The clear connection between personality factors, social interactions, and emotional intelligence factors contributes to the blurring of the lines between each, but researchers in the field, especially Mayer et al. (1990), Goleman (1995), Bar-On (2004) create clear distinctions between the three components. The arguments presented by each author, although differing in model and approach, generally support the notion that each stand on its own, while offering complimentary features. The three elements- personality traits, social intelligence, and emotional intelligence, when combined with intellectual intelligence does not threaten validity, but rather, strengthens validity of the concept of EI (Ryback, 1998). Bias in Emotional Intelligence Research Throughout the work of Mayer and Salovey (1993), Goleman (1995), and Bar-On (1997) the issue of bias has been raised. The primary concern is method bias. Because of the nature of the research that is done to support EI, self-reporting provides the greatest opportunity for bias (Spector, 2006). Spector (2006) focuses primarily on the method bias while using mixed method research favored by Bar-On (1997). The mixed method bias may be mitigated by using an ability based model (Barbuto & Burbach, 2006). Golemans (1995) EQ Test was developed as ability model research and thus limits the method bias inherent in EI research. The emotional competence inventory (ECI), a method created by Goleman et al. (2002) utilized 360 degree feedback. However, potential biases exist primarily with regard to how employers perceive employees or impressions (true or false) that others may have for the individual in question. These perceptions may color the research and 28

create biased results.

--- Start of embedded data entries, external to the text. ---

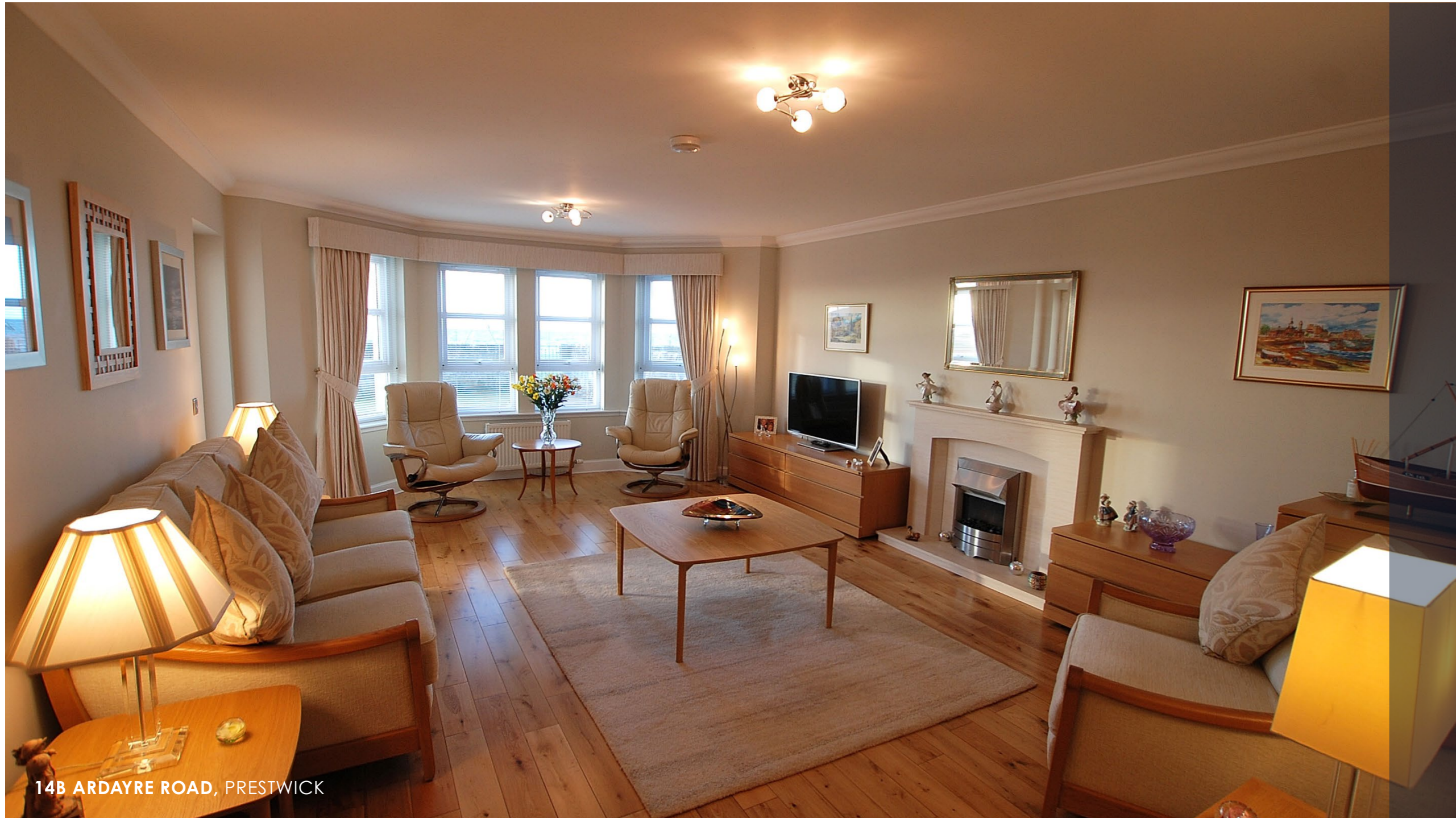
14B ARDAYRE ROAD, PRESTWICK
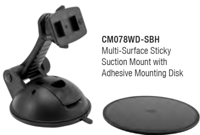
CM078WD-SBH Multi-Surface Sticky Suction Mount with Adhesive Mounting Disk
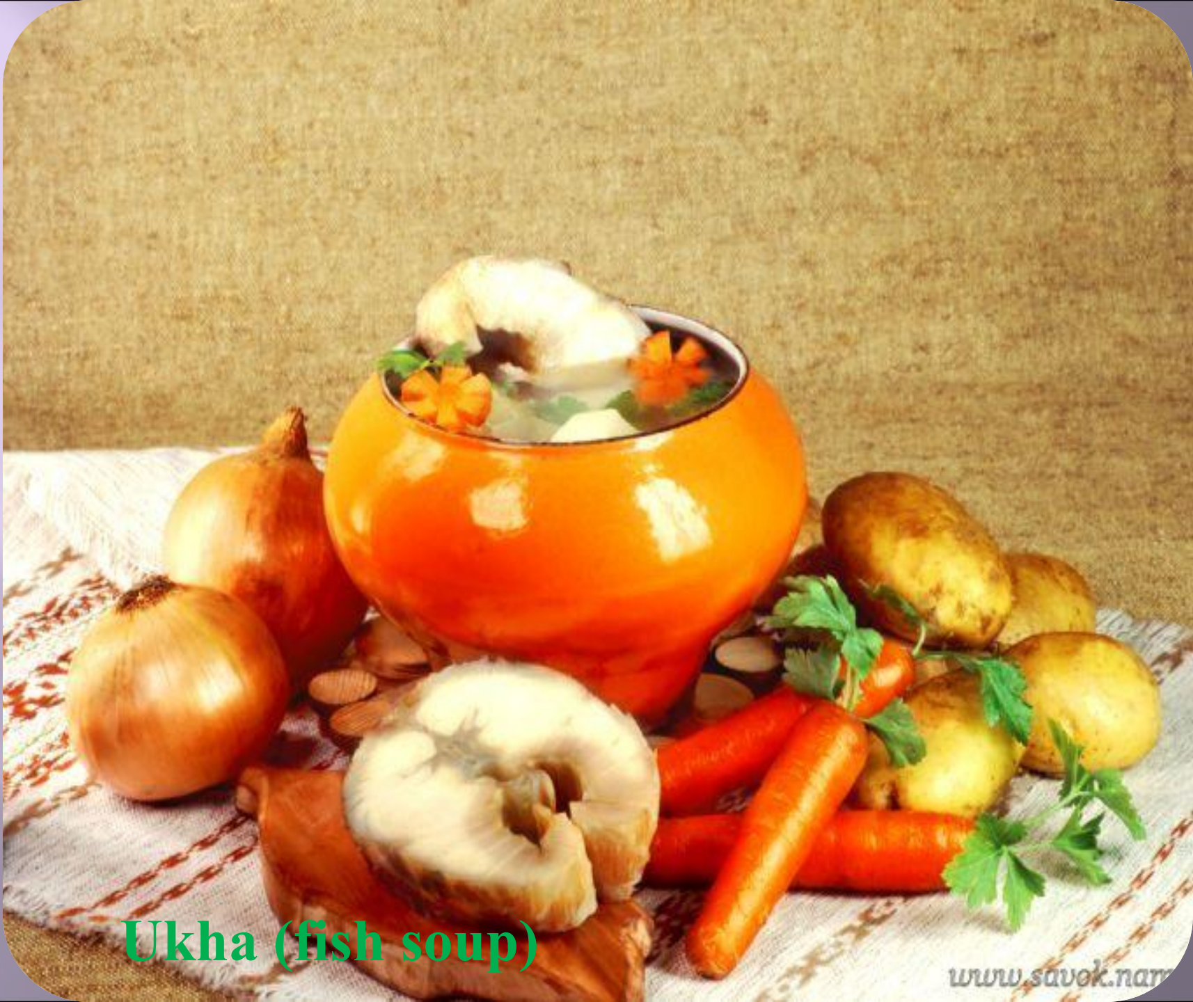
Ukha (fish soup)
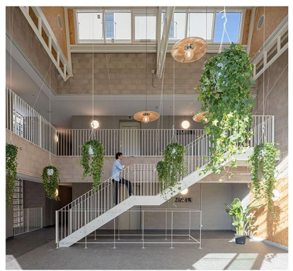
Fig. 3 TAAs' social housing in Carabanchel views of a so-called "social condenser" and general floor plan showing the building's relation to cool nocturnal winds (© Javier y Alia García-Germán and ©TAAs totem arquitectos asociados)

voids can be excluded from the gross floor areas. By doing so, they found a new role for exterior space in urban collective housing.
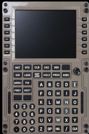
Boeing 757 Boeing 767
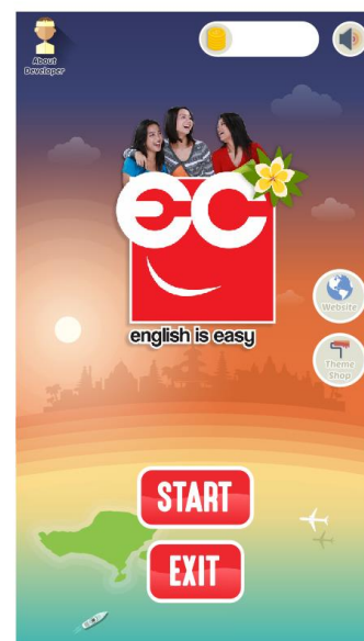
Figure 3 : Bali Theme

To any changes that happen when buying the theme in theme store will change all background in the game and several buttons. For example in Bali Theme will change the background into Balinese situation where writer uses several tourism object in Bali as references. The Tourism objects such as Pantai Karang in Sanur, Ubud Monkey Forest , and Pura Luhur Lempuyang in Karangasem. Here is the example of layout changes in Main Menu:
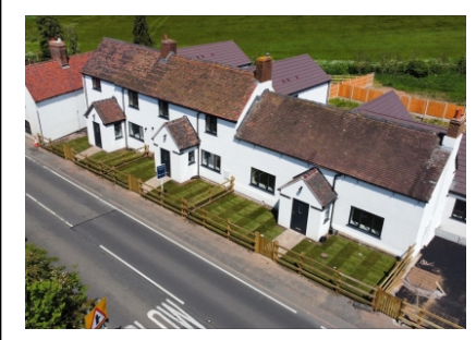
1 Ackleton Meadows, Stableford, Bridgnorth
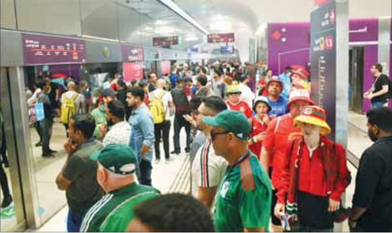
Football fans from various countries at a Doha Metro station.

The world has descended on Doha, as thousands of fans reach the country everyday bringing along various cultures and languages and the Doha Metro has taken the central stage of cultural exchange. With the Doha Metro being the major transportation option for the football fans and visitors to reach the stadiums as well as other major locations in the country, it has turned out to be a melting pot of cultures. At every Metro station, thousands of fans from various countries can be seen moving around, mingling together and going to various places as they start their daily routine from morning. Many of them come in groups and move along while many others could be singles or couples. Several of them exchange their phone numbers and make sure to meet every day at a given time and the metro stations are the main rendezvous point for them.
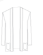
BL2375 LS cardigan with pockets
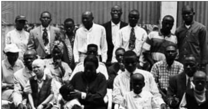
Some of the Feastgoers at Douala, Cameroon
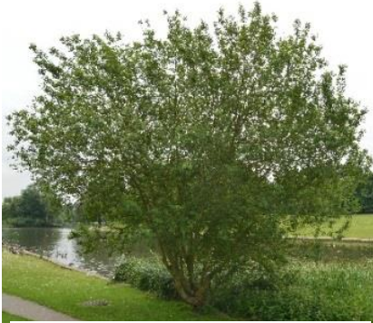
Female pussy willow tree

There is another tree, a female pussy-willow tree, that has the kind of flowers that will grow seeds if they collect pussy willow pollen.
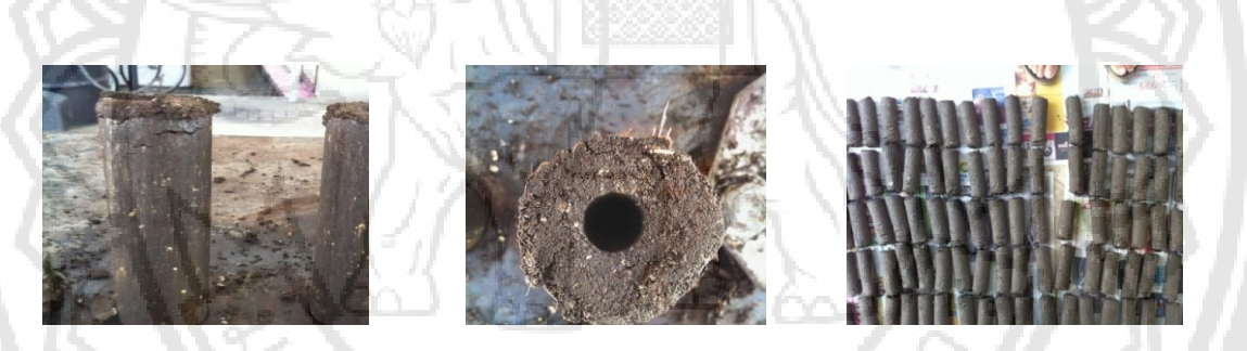
Figure 2 The finished briquette derived fuel.

Three proper ratios were chosen to produce the briquette derived fuel for subsequent experiment. Each ratio was prepared and replicated five times for the test. Observation of briquette morphology (formable and surface texture) and compressibility were conducted.
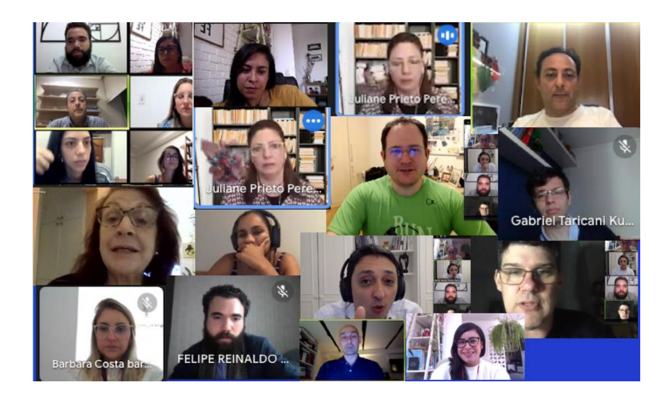
Virtual meetings during the COVID - 19 pandemic
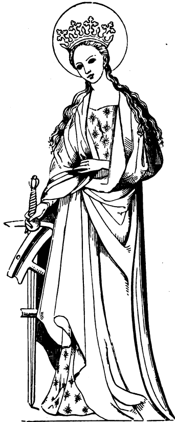
S. Katharine ( Lucas and Leyden ).
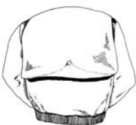
COLLAR NO. 3 - Sailor collar. "Upside color" is side showing and "downside color" is underneath. Hidden zipper on "downside" to form the hood.
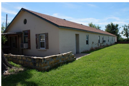
Fort Dodge - Army Quartermaster Building. 217 Pershing Street. North and west elevations; looking southeast. 05/25/2017.
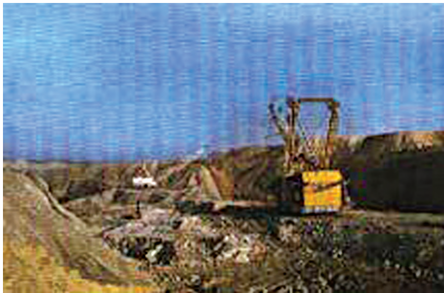
Fig. 5.2: A coal mine

When heated in air, coal burns and produces mainly carbon dioxide gas.
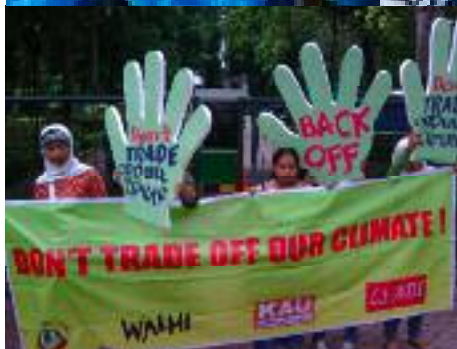
FoE Indonesia climate action.
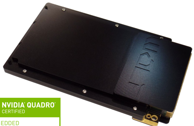
WOLF-1110 Chip-Down VPX Module

The WOLF Frame Grabber eXtreme (FGX) is the engine that provides the board with conversion of video data from one standard to another, with a wide array of video input and output options for both cutting-edge digital I/O and legacy analog I/O. The FGX has direct memory access (DMA) to the Quadro Pascal's GPU memory for GPU processing and complex analysis. By including both the versatile FGX and a high performance Quadro Pascal GPU on one board WOLF's I/O and processing solution avoids the SBC data rebroadcast traffic jams that commonly occur with a 2-board solution.
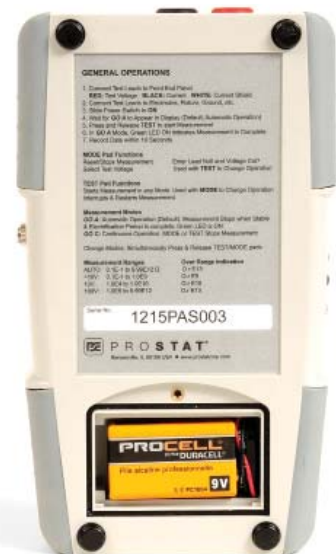
Figure 21: Battery Replacement

Mitigation for this variable was provided by generating feedback from many individuals in order to filter the biases and provide an accurate picture on an individuals EI. The triangulation created by combining 360 degree feedback with self-reporting helps mitigate mono-method bias. This is created when self reporting mechanisms and results are not supported by anything else. Additionally, inflated results from self reporting (Jackson, Stillman, Burke, & Englert, 2007) may further influence bias in research. Again, this is mitigated by a triangulation approach or by using other methods besides self-reporting to gather information from a respondent. Measures of Emotional Intelligence There are many tools available today to measure EI in individuals. A few will be discussed in more detail below. Many are theoretically sound; some are not but most measure similar components of emotional intelligence to arrive at an Emotional Quotient (EQ) similar to that of IQ. The tools referenced below are those that are found to be most useful for this research. Although each has been criticized by some academics for a variety of reasons, most notably the close link to personality assessments, each is a good barometer of the EI competency of the respondent. The tools reviewed have been developed by some of the leading thinkers in the field of emotional intelligence. Those reviewed are: the EQ test developed by Daniel Goleman (1995), the ECI developed by Goleman and Boyatzis (Sala, 2000), EQ-i developed by Bar-On (1997), the SSEIT created by Schutte et al. (1998), and MSCEIT crafted by Mayer et al. (2002).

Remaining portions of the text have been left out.